9. Authority to grant awards and to allot and issue shares under the Katrina Group Ltd. Performance Share Plan

That pursuant to Section 161 of the Companies Act, the Directors be authorised to grant awards in accordance with the provisions of the Katrina Group Ltd. Performance Share Plan (“ KGL PSP ”) and to allot and issue from time to time such number of fully paid-up Shares as may be required to be allotted and issued pursuant to the awards granted under the KGL PSP, provided always that the aggregate number of Shares to be allotted and issued pursuant to the KGL PSP when added to the number of Shares issued and issuable in respect of all awards granted under the KGL PSP, shall not exceed 15% of the total number of issued Shares (excluding treasury shares and subsidiary holdings) from time to time.

Resolution 8

  • [See Explanatory Note 5]

By Order of the Board

Neo Lay Fen Nor Hafiza Alwi Company Secretaries

Singapore, 13 April 2026

2

Explanatory Notes:

  1. Ordinary Resolution 2 – Mr Wong Quee Quee, Jeffrey (“ Mr Wong ”) will, upon re-election, continue to serve as the Lead Independent Director, Chairman of the Audit Committee and a member of the Nominating and Remuneration Committees of the Company. Mr Wong is considered by the Board to be independent for the purpose of Rule 704(7) of the Catalist Rules. Detailed information on Mr Wong can be found in the Annual Report 2025. There are no relationships (including immediate family relationships) between Mr Wong and any of the Directors, the Company or its substantial shareholders.
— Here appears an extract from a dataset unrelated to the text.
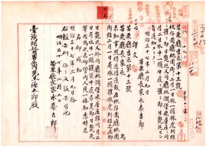 三五 第一三号 桃仔園庁桃澗堡桃園街ニ豚虎列拉発生及ヒ同庁桃澗堡宋屋庄ニ牛疫発生ニ付キ同庁ヨリ通知ノ件

  2. Ordinary Resolution 3 – Mr Ong Kim Huat (“ Mr Ong ”) will upon re-election, continue to serve as an Independent Director, Chairman of the Remuneration Committee and a member of the Audit and Nominating Committees of the Company. Mr Ong is considered by the Board to be independent for the purpose of Rule 704(7) of the Catalist Rules. Detailed information on Mr Ong can be found in the Annual Report 2025. There are no relationships (including immediate family relationships) between Mr Ong and any of the Directors, the Company or its substantial shareholders.

  3. Ordinary Resolution 4 – Ms Krystal Goh Shu Yan (“ Ms Goh ”) will upon re-election, continue to serve as an Executive Director of the Company. Detailed information on Ms Goh can be found in the Annual Report 2025. Ms Goh is the daughter of Mr Alan Goh Keng Chian (“ Mr Alan Goh ”) and Ms Madaline Catherine Tan Kim Wah (“ Ms Catherine Tan ”). Mr Alan Goh is the Executive Chairman and Chief Executive Director of the Company and Ms Catherine Tan is the Senior Advisor of the Company. Both Mr Alan Goh and Ms Catherine Tan are also the controlling shareholders of the Company. Save as disclosed, Ms Goh does not have any relationship including immediate family relationships with the other Directors, the Company and substantial shareholders.
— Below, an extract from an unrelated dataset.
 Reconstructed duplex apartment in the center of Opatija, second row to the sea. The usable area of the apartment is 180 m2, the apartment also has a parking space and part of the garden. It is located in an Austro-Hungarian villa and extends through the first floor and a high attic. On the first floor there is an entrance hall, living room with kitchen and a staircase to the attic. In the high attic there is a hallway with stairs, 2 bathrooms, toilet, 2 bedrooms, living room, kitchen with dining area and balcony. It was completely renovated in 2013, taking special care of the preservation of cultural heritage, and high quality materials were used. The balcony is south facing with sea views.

  4. Further information on the abovementioned directors can be found under the section title “Board of Directors” and “Corporate Governance Report” of the Annual Report 2025.

  5. Ordinary Resolution 7 – if passed, will empower the Directors of the Company from the date of this AGM until the date of the next AGM of the Company, or the date by which the next AGM of the Company is required by law to be held or such authority is varied or revoked by the Company in a general meeting, whichever is the earlier, to allot and issue Shares, make or grant Instruments convertible into Shares and to issue Shares pursuant to such Instruments. The aggregate number of Shares (including Shares to be made in pursuance of Instruments made or granted pursuant to this Resolution) which the Directors may allot and issue under this Resolution shall not exceed 100% of the total number of issued Shares, excluding treasury shares and subsidiary holdings. For issues of Shares other than on a pro-rata basis to all shareholders, the aggregate number of Shares and convertible securities to be issued shall not exceed 50% of the total number of issued shares, excluding treasury shares and subsidiary holdings at the time this resolution is passed.

  6. Ordinary Resolution 8 – if passed, will empower the Directors, effective until the conclusion of the next AGM of the Company or the date by which the next AGM of the Company is required by law to be held, or such authority is varied or revoked by the Company at a general meeting, whichever is earliest, to allot and issue Shares pursuant to the awards granted under the KGL PSP up to a number not exceeding, in total, 15% of the total number of issued Shares (excluding treasury shares and subsidiary holdings) from time to time.

Notes:

  1. The Annual General Meeting will be held, in a wholly physical format, at the venue, date and time stated above. There will be no option for shareholders to participate virtually.

  2. Printed copies of this Notice of AGM (the “ AGM Notice ”), Proxy Form and the Request Form (to request for a printed copy of the Annual Report (the “ Documents ”) have been posted to the shareholders. The Documents are also available for downloading from the SGXNet and the Company’s website at the URL https://www.katrinagroup.com

  3. The Annual Report 2025 have been published and available for download or online viewing at the Company’s corporate website at the URL https://www.katrinagroup.com and the SGXNet.

Printed copies of the Annual Report will not be mailed to the shareholders unless requested by the shareholder pursuant to a submitted request. Shareholders who wish to receive a printed copy of the FY2025 Annual Report are required to complete the Request Form and to return it to the Company by post or by email by 20 April 2026.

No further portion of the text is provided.